- **Problem statement**
Set out exactly every line of the entries below, starting at the line that holds "4月16日,国际金价再次走强" and stopping after the line that holds "I kommer til".

- **Exercise input**
━━━━━━━━━━━━━━━━

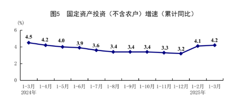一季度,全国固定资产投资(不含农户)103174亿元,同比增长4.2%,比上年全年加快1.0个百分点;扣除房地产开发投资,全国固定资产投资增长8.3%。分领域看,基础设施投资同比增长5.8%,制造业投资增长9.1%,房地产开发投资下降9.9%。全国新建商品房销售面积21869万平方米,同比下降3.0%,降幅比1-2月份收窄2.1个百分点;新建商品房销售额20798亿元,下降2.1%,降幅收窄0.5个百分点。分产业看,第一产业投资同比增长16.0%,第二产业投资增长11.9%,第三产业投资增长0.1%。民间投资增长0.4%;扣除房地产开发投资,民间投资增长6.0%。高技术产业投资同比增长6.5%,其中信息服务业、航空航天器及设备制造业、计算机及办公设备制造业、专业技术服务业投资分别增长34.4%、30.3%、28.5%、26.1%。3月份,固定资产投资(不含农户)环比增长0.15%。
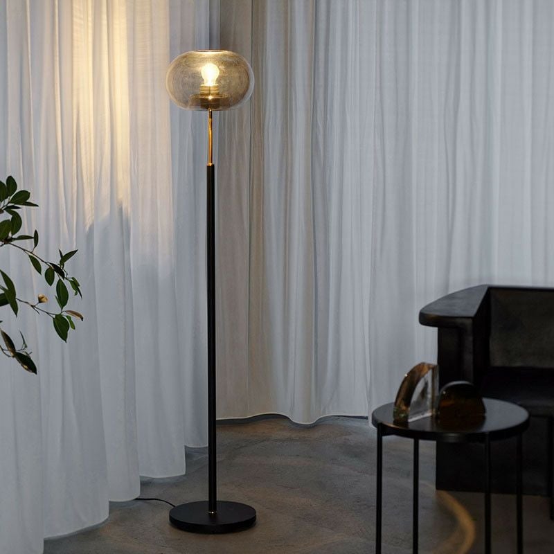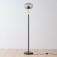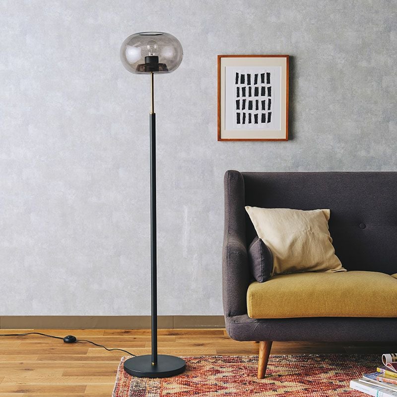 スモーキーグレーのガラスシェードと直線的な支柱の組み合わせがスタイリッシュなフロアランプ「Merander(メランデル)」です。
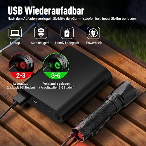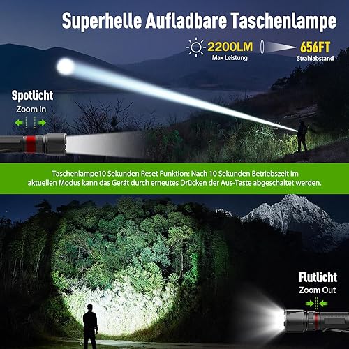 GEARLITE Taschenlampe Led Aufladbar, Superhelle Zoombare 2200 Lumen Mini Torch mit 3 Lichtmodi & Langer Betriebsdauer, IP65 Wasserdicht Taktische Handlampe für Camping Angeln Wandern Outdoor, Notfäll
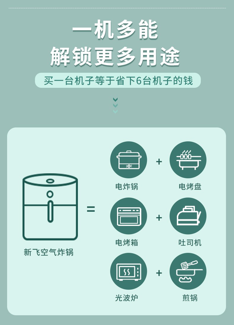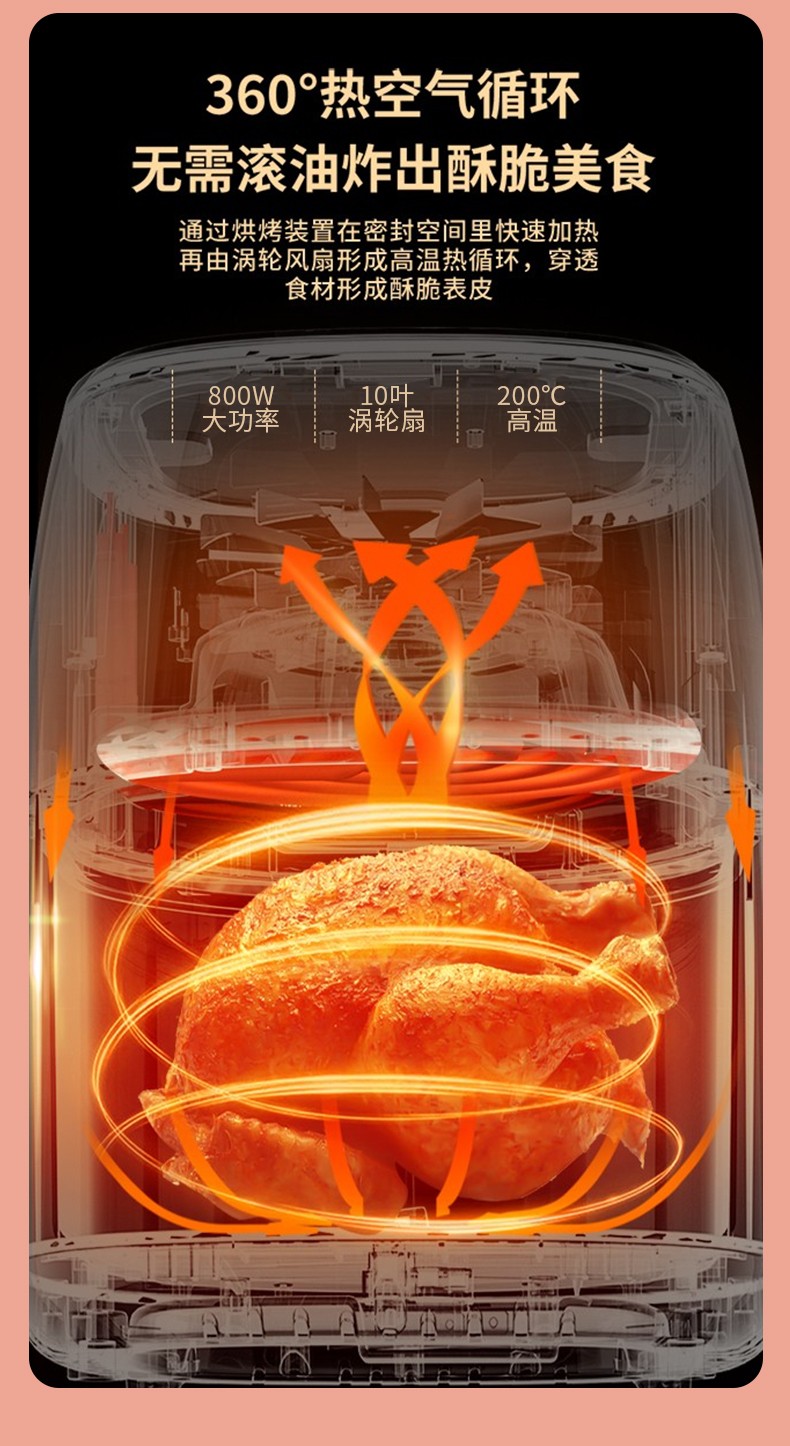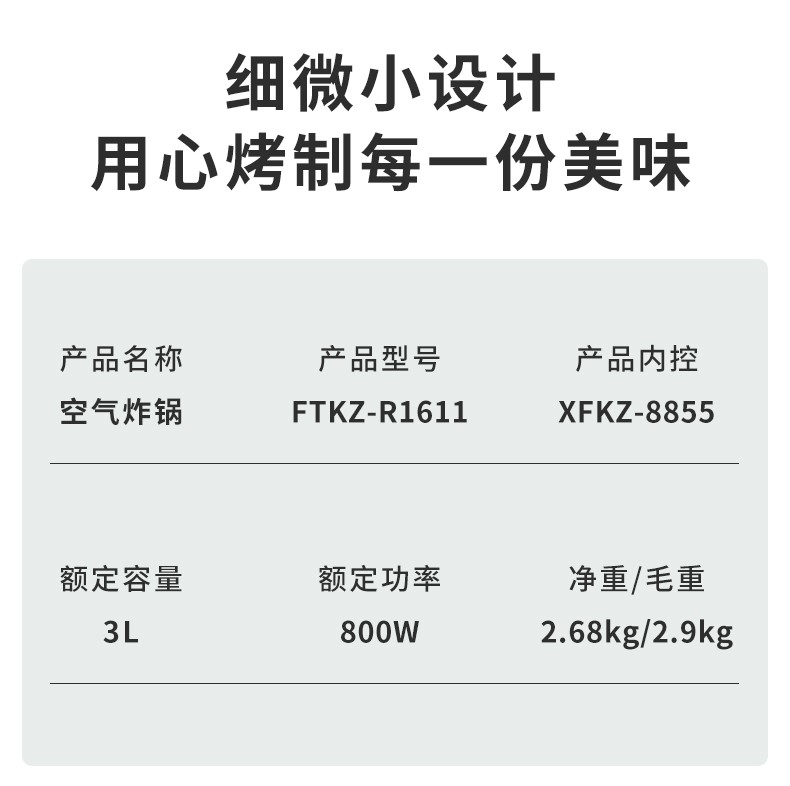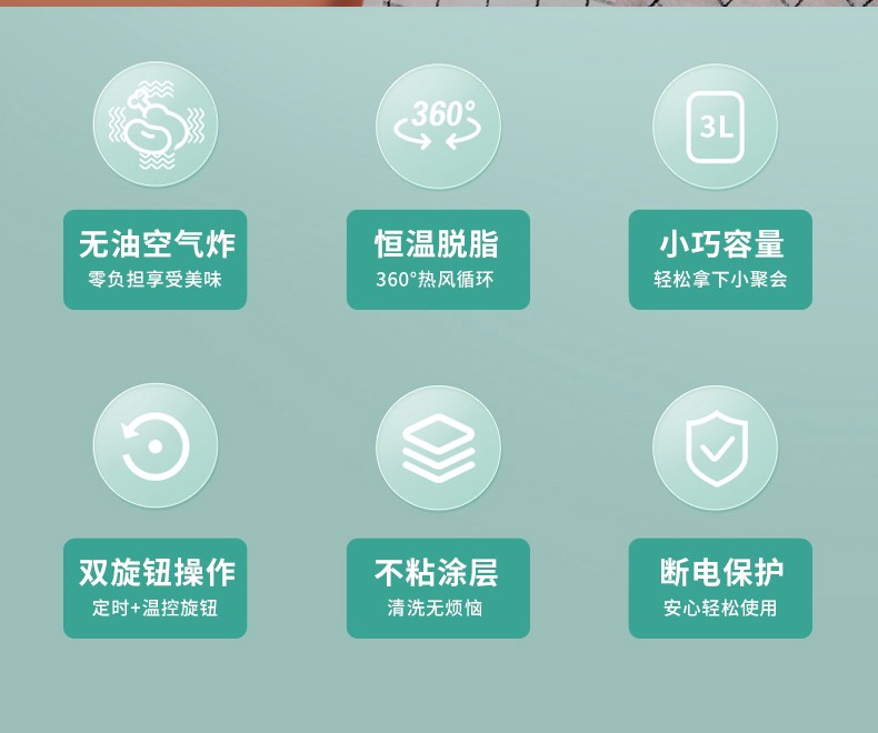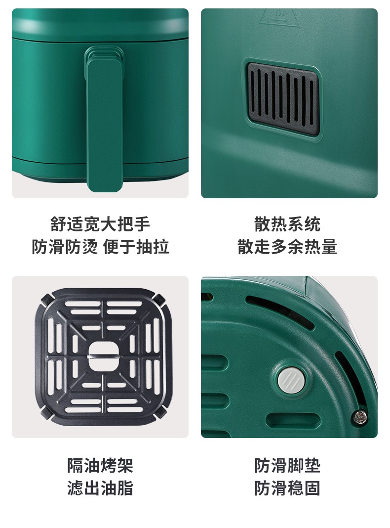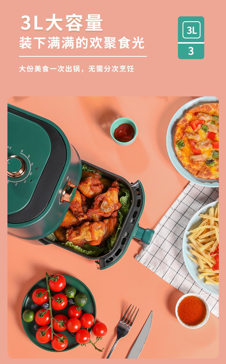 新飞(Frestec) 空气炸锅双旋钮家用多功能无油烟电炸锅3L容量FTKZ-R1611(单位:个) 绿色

━━━━━━━━━━━━━━━━

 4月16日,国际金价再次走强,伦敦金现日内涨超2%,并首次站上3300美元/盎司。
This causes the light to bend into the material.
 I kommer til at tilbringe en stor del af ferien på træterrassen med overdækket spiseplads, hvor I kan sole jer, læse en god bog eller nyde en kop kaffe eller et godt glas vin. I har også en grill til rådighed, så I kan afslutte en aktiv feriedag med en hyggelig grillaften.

━━━━━━━━━━━━━━━━

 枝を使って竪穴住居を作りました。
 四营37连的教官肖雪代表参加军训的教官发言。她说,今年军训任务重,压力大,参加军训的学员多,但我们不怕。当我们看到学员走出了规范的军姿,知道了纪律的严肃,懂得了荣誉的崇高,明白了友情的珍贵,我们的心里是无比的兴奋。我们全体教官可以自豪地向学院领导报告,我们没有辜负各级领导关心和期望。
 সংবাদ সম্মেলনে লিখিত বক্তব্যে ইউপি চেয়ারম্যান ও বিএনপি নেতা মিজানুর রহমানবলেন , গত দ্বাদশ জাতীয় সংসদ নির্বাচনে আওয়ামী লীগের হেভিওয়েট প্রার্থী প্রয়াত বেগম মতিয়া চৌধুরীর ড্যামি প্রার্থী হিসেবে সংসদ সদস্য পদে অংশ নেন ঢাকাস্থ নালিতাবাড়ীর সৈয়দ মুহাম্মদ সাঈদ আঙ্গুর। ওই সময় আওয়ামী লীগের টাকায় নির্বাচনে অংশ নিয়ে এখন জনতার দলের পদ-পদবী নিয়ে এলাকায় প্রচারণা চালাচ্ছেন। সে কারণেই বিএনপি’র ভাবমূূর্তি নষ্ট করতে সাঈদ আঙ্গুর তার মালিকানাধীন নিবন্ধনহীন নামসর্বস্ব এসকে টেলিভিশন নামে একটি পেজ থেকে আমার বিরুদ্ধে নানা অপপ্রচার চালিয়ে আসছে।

━━━━━━━━━━━━━━━━

- **Solution for this problem**
 4月16日,国际金价再次走强,伦敦金现日内涨超2%,并首次站上3300美元/盎司。
This causes the light to bend into the material.
 I kommer til at tilbringe en stor del af ferien på træterrassen med overdækket spiseplads, hvor I kan sole jer, læse en god bog eller nyde en kop kaffe eller et godt glas vin. I har også en grill til rådighed, så I kan afslutte en aktiv feriedag med en hyggelig grillaften.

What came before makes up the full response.